I have customers duplicates with different status because there is a row for each customer subscription/product. I want to generate a new_status
for the customer and for it to be 'canceled', every subscription status must be 'canceled' together.
I used:
df['duplicated'] = df.groupby('customer', as_index=False)['customer'].cumcount()

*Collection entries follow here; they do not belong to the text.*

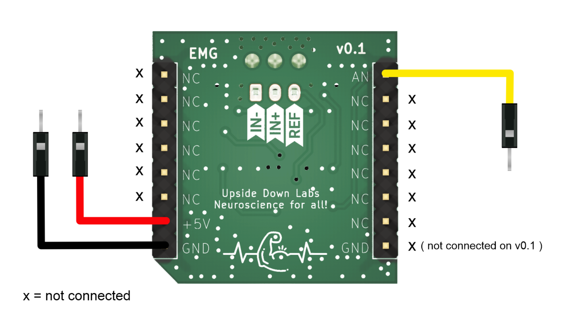 You can directly connect the male to female jumper cables on the header pins of Muscle BioAmp Blip at 5V, GND, AN.
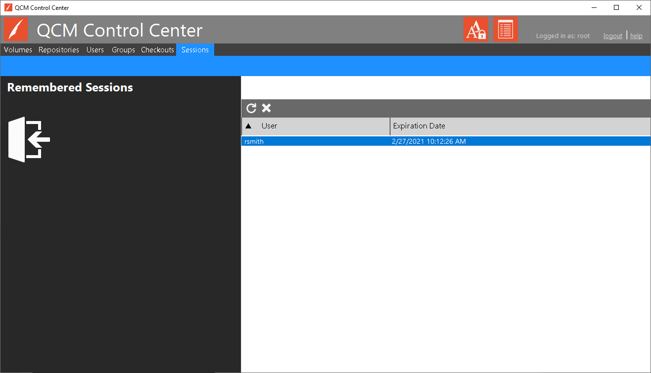 Sessions are added when a user selects the 'Remember Me' option when logging in to the QCM Web Client. A remembered session allows the user to skip the login dialog the next time the QCM Web Client is loaded. Use the refresh and delete options to manage remembered sessions.
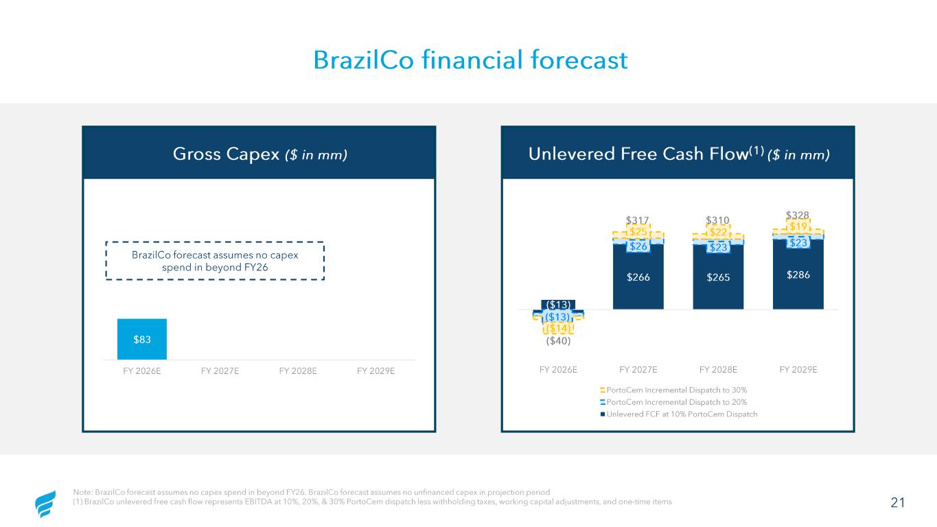 20 BrazilCo financial forecast Significant EBITDA uplift as CELBA2 and PortoCem come online Revenue ($ in mm) $286 $318 $302 $304 $244 $232 $235 $230 $188 $397 $407 $411 - - - $58 $133 $132 $125 $58 $132 $131 $124 $834 $1,213 $1,208 $1,194 FY 2026E FY 2027E FY 2028E FY 2029E PortoCem Incremental Dispatch to 30% PortoCem Incremental Dispatch to 20% PortoCem Contracted Revenue + 10% Dispatch CELBA 2 Power Plant Gas Sales EBITDA ($ in mm) $123 $271 $266 $288 - - - $12 $27 $26 $24 $12 $26 $24 $23 $146 $324 $316 $334 FY 2026E FY 2027E FY 2028E FY 2029E PortoCem Incremental Dispatch to 30% PortoCem Incremental Dispatch to 20% Contracted EBITDA + 10% PortoCem Dispatch

to separate every duplicated in a index to indicate the duplicated values
Customer | Status | new_status | duplicated
X |canceled| | 0
X |canceled| | 1
X |active | | 2
Y |canceled| | 0
A |canceled| | 0
A |canceled| | 1
B |active | | 0
B |canceled| | 1
Thus, I'd like to use .apply and/or .loc to generate:
Customer | Status | new_status | duplicated
X |canceled| | 0
X |canceled| | 1
X |active | | 2
Y |canceled| | 0
A |canceled| canceled | 0
A |canceled| canceled | 1
B |active | | 0
B |canceled| | 1
From what I understand, you can try doing:
df['new_status']=(df.groupby('Customer')['Status'].
transform(lambda x: x.eq('canceled').all()).map({True:'cancelled'})).fillna(df.new_status)
print(df)
Customer Status new_status duplicated
0 X canceled 0
1 X canceled 1
2 X active 2
3 Y canceled cancelled 0
4 A canceled cancelled 0
5 A canceled cancelled 1
6 B active 0
7 B canceled 1
EDIT since expected o/p was changed:
df['new_status']=(df.groupby('Customer')['Status'].
transform(lambda x: x.duplicated(keep=False)&(x.eq('canceled').all()))
.map({True:'cancelled',False:''}))
print(df)
Customer Status new_status duplicated
0 X canceled 0
1 X canceled 1
2 X active 2
3 Y canceled 0
4 A canceled cancelled 0
5 A canceled cancelled 1
6 B active 0
7 B canceled 1